Scientific classification
- Kingdom: Plantae
- Clade: Tracheophytes
- Clade: Angiosperms
- Clade: Eudicots
- Clade: Rosids
- Order: Fabales
- Family: Fabaceae
- Subfamily: Faboideae
- Genus: Astragalus
- Species: A. trichopodus
- Binomial name: Astragalus trichopodus (Nutt.) A.Gray

= Astragalus trichopodus =

- Authority: (Nutt.) A.Gray |
- Conservation status: G3

Species of legume

Astragalus trichopodus is a species of legume known by the common name Santa Barbara milk vetch. It is native to southern California and Baja California, where it grows in several types of open habitat, including in the Transverse Ranges and Mojave Desert.

The species has three subspecies:

Astraglus trichopodus var. antiselli - Antisell's milkvetch

Astraglus trichopodus var. lonchus - Southern California milkvetch

Astraglus trichopodus var. trichopodus - Santa Barbara milkvetch

==Description==
This is a robust perennial herb producing a branching stem up to about a meter in maximum height. The hairy stem is lined with many leaves each up to 20 cm long which are made up of several pairs of widely spaced lance-shaped leaflets each up to 2.5 cm in length. The inflorescence is a raceme of up to 50 flowers which are cream colored and sometimes tinted with light purple. Each flower is 2 to 3 cm long including its tubular base of sepals. The species' blooming period is from February to June.

The fruit is a laterally compressed, slightly inflated legume pod up to 4 to 5 cm long which dries to a papery texture.

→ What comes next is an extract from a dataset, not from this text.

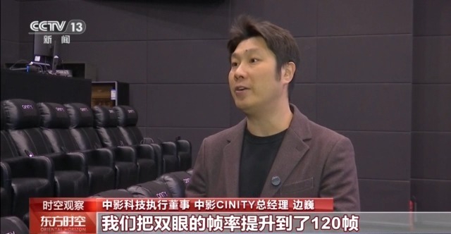 中影科技执行董事、中影CINITY总经理 边巍:我们把双眼的帧率提升到了120帧,也就是说每一秒钟每只眼睛前都有120帧的画面信息,这样就能非常明显地解决原来画面在快速移动、慢速移动或者是相对移动过程中出现的画面的抖动,模糊卡顿等问题。我们也应用了最先进的激光技术,把我们的亮度比普通的银幕当时的放映亮度提高了5~7倍,这样整体的沉浸式的观影效果就非常好。
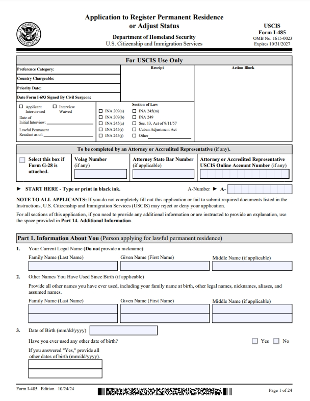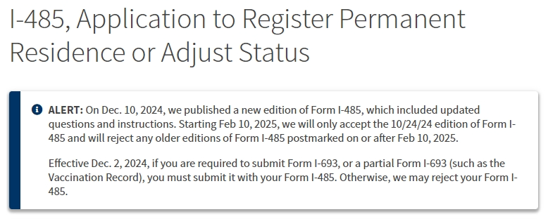 2024年12月10日,USCIS还发布了新版表格I-485注册永久居民或调整身份的申请。从2025年2月10日开始,USCIS将只接受10/24/24版本的I-485表格,并拒绝任何旧版本的I-485表格。

The fruits hang in bunches where they develop from the inflorescence. Each pod contains many seeds.

== Distribution and habitat ==
The plant is endemic and native to southern California and its range also extends to Baja California. It can be found in coastal sage scrub and grassland communities.

It is most commonly found in the months of March, April, and May.

Its conservation status is listed as G3, which means it is vulnerable.

== Ecology ==
Astragalus trichopodus supports several different species of butterflies and is the host plant for the Reakirt's blue, the arrowhead blue, the marine blue, Queen Alexandra's sulphur, and the critically endangered Palos Verdes blue butterfly.

The species was once thought to be the only host plant for Palos Verdes blue butterflies, but larvae have since been found to feed on Acmispon glaber as well.